21 outubro, 2009

...do que infesta e não pode ser removido...



Não adianta, por mais que eu durma, acordo sempre mais cansado do que quando fui me deitar. Isso já acontece há vários dias, me sinto apodrecendo. Pelo menos consegui me afastar daquele trabalho idiota e inútil, agora posso dormir de 15 a 20 horas por dia.

Acabei de levantar e vim tomar o meu banho eterno, a sujeira da rua não sai facilmente. Sei que tenho anos de rua acumulados apesar de não por o pé na pra fora desde que consegui minha dispensa: suor, restos de pele minha e de outras pessoas, salivas, bafos, chuvas, cerveja, porra, catarro, merda, urina, esse ar imundo e esse infinito número de doenças. Passo álcool pelo meu corpo todo, quero me desinfetar. Já não sinto mais dor nos genitais quando faço isso, devo estar me acostumando. Olho para a garrafa de álcool e tomo um grande gole, sei que a sujeira me invade por todos os orifícios.

Agora, no banheiro esfumaçado pelo vapor d'água do chuveiro quente, olho o espelho embaçado tentando me identificar. Vejo o vulto borrado, apenas sei que sou eu porque ele segue meus movimentos. Passo a toalha de rosto no vidro e, mesmo assim, não consigo me reconhecer do outro lado. Para onde fui?

Olho meus cabelos crespos e enormes revoltos de cama, a barba de meses que se confunde com os pelos do peito que, por sua vez, é uma massa única e uniforme com o resto do meu corpo. Não passo de um animal coberto de pelos da cabeça aos pés. Os meus olhos e boca são pontos pequenos nessa névoa escura a que me converti.

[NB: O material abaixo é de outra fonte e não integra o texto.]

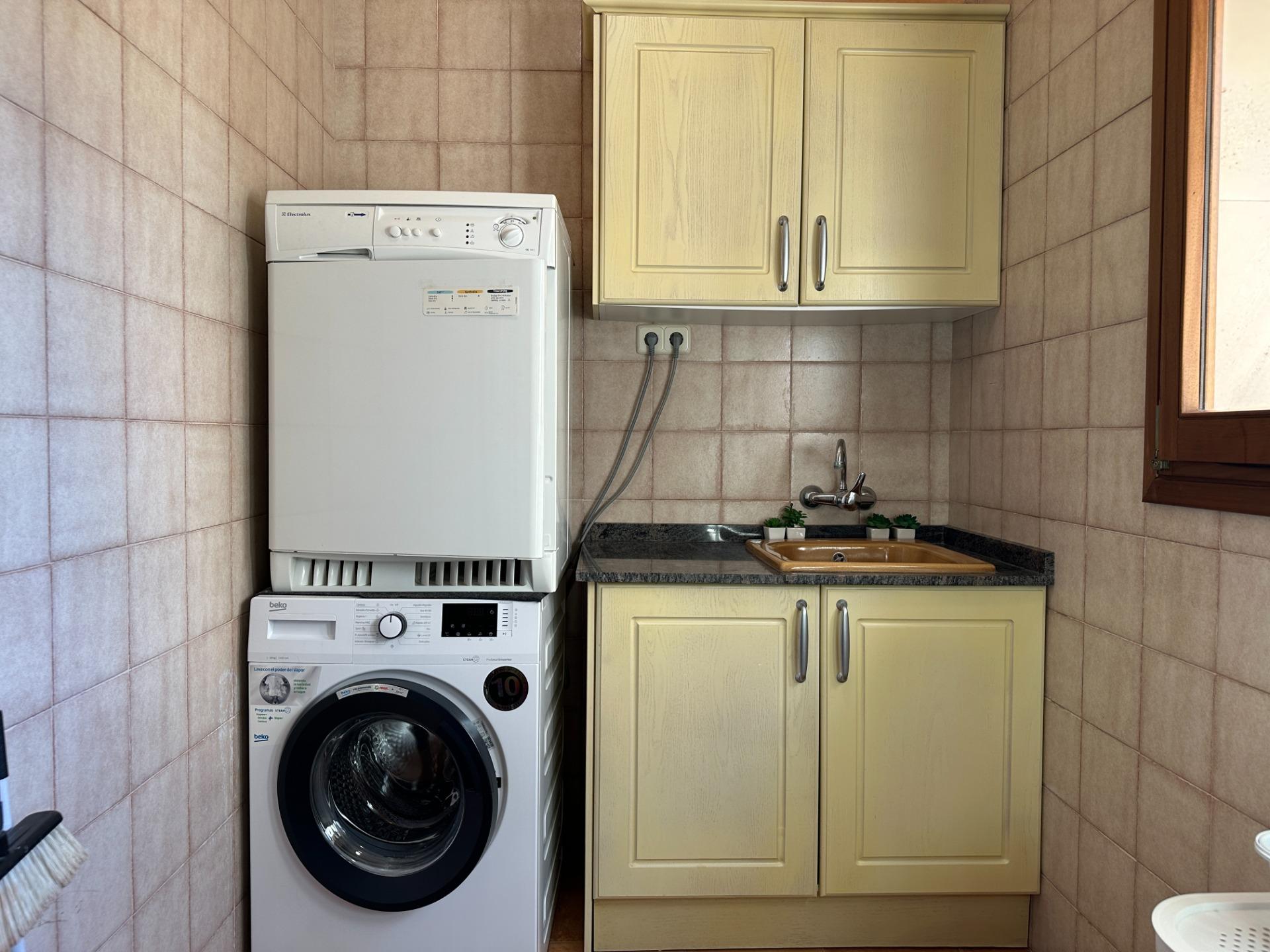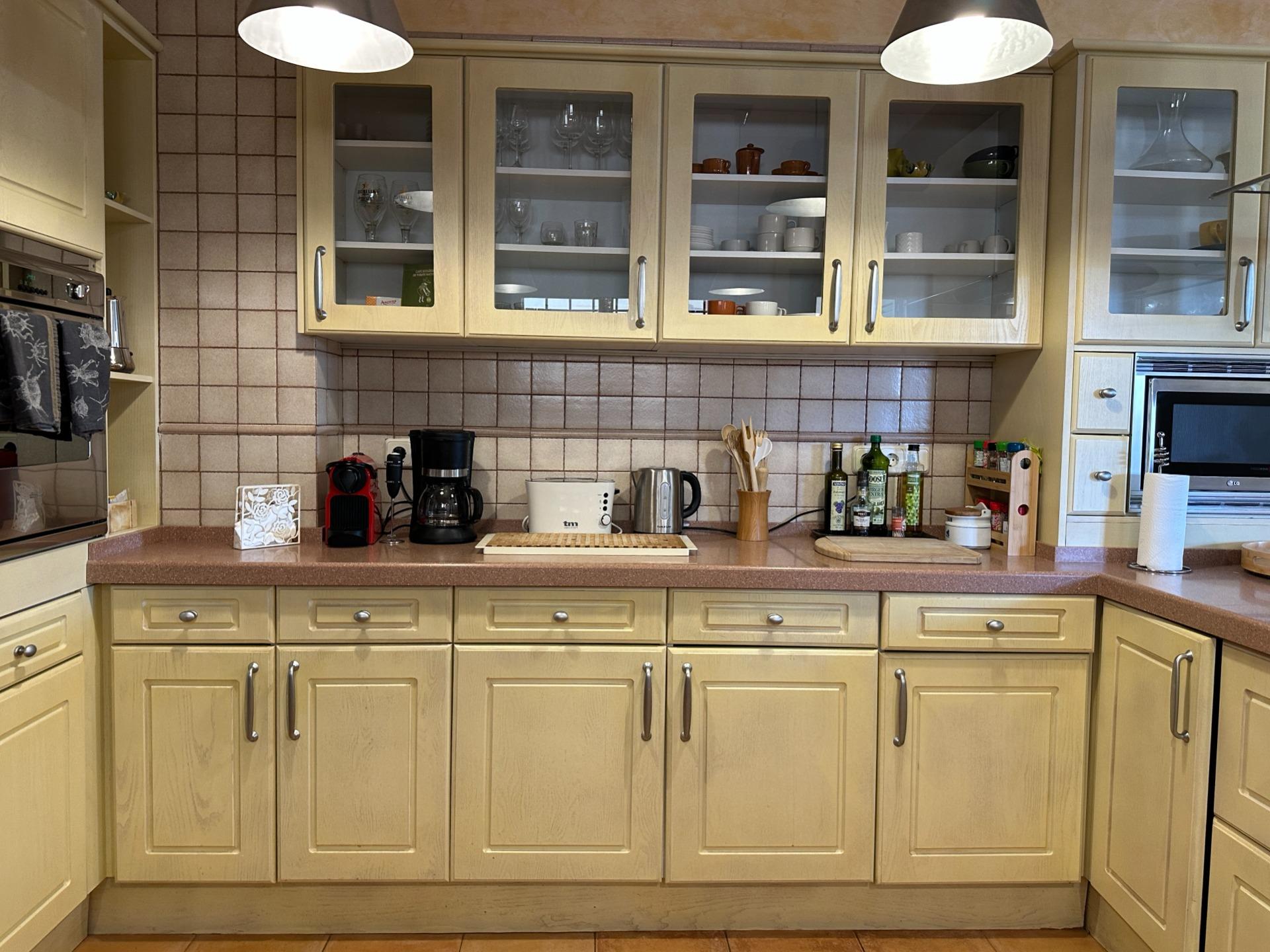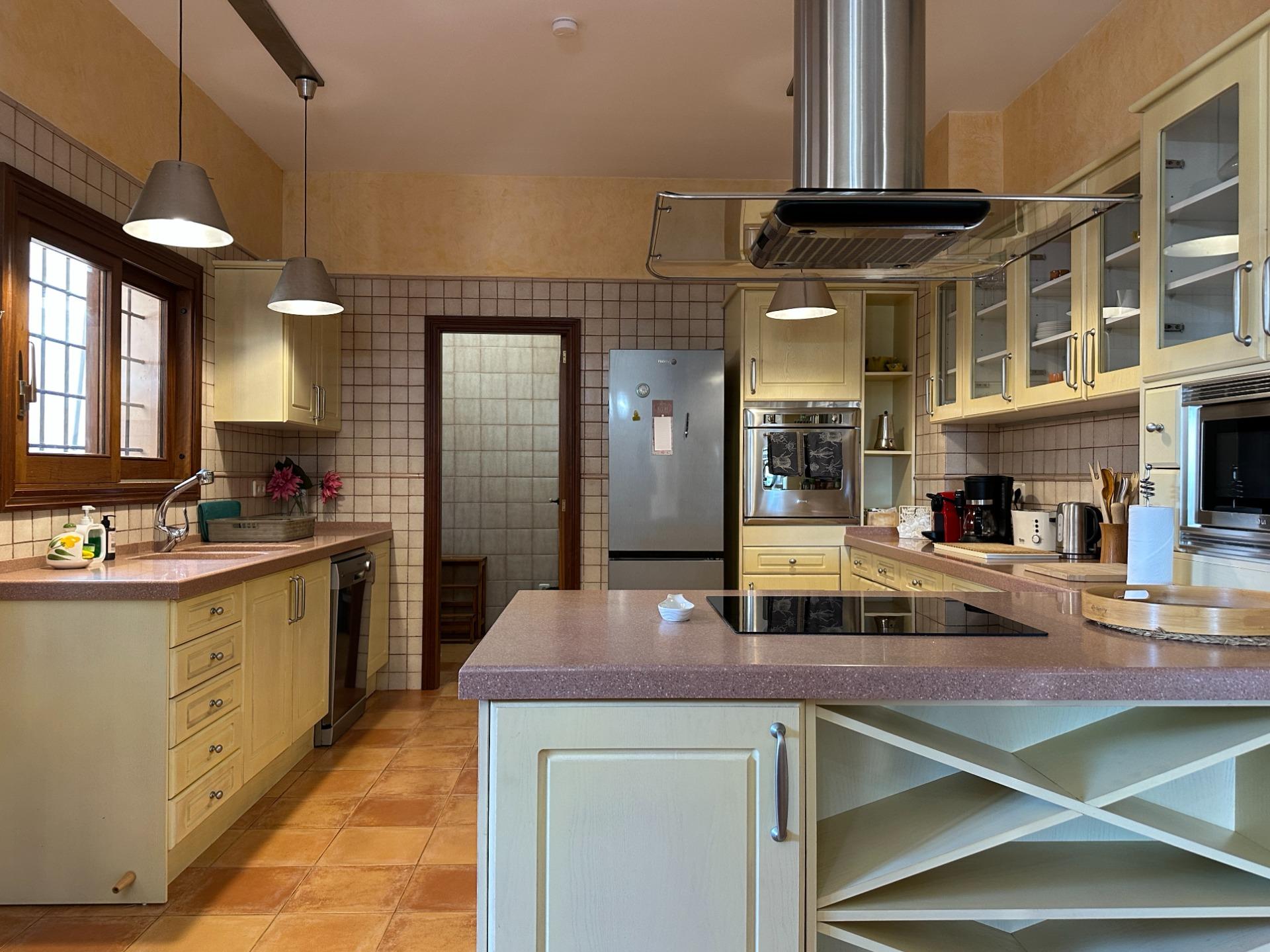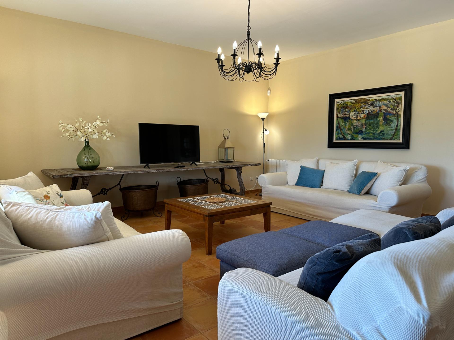 On the ground floor, the generous open-plan living and dining room is flooded with natural light, creating a warm and welcoming atmosphere perfect for long Mediterranean evenings. The fully equipped kitchen complements this space with everything needed to make every stay a truly effortless experience.

A minha garganta arde pelo gole de álcool, abro a boca e me aproximo do espelho, preciso ver os germes morrendo. É quando percebo um movimento estranho no meu rosto, parece que todos os meus pelos estão se mexendo. Aproximo-me e vejo uma quantidade infinita de pequenos seres que povoam o meu corpo. Passeiam pelo mar escuro, submergem e vêm à tona. O asco toma conta de mim, mesmo com o banho quente, praticamente fervendo, e o álcool, permaneço imundo. Pego a navalha em um ato instintivo e começo o procedimento.

Inicio nervosamente pelos pés, tiro os pequenos pelos dos dedos. Vou ao peito do pé e, sem usar sabão em momento algum, subo pelas pernas causando diversos sangramentos. Isso não me importa. O que me dá mais trabalho é a virilha, meu ânus e as costas, onde uso de um contorcionismo que não sabia que possuía. Finalizo com a barba e cabelo e me admiro no reflexo. Ainda falta algo! Com a prática adquirida no resto do corpo, não encontro dificuldade e me livro rapidamente das sobrancelhas.

Agora sim. Jogo a garrafa de álcool por cima da minha pele lisa, a ardência é impressionante devido aos inúmeros machucados. Respiro fundo, finalmente me sinto livre.

Consigo esboçar um sorriso para o espelho, que não dura muito. O movimento que antes habitava meus pelos, agora cobrem meu corpo inteiro. Enojado, só percebo que havia pegado a navalha após já ter feito uma enorme incisão em minha testa e, arrancando a pele com as mãos, deixado um alvo crânio começar a surgir.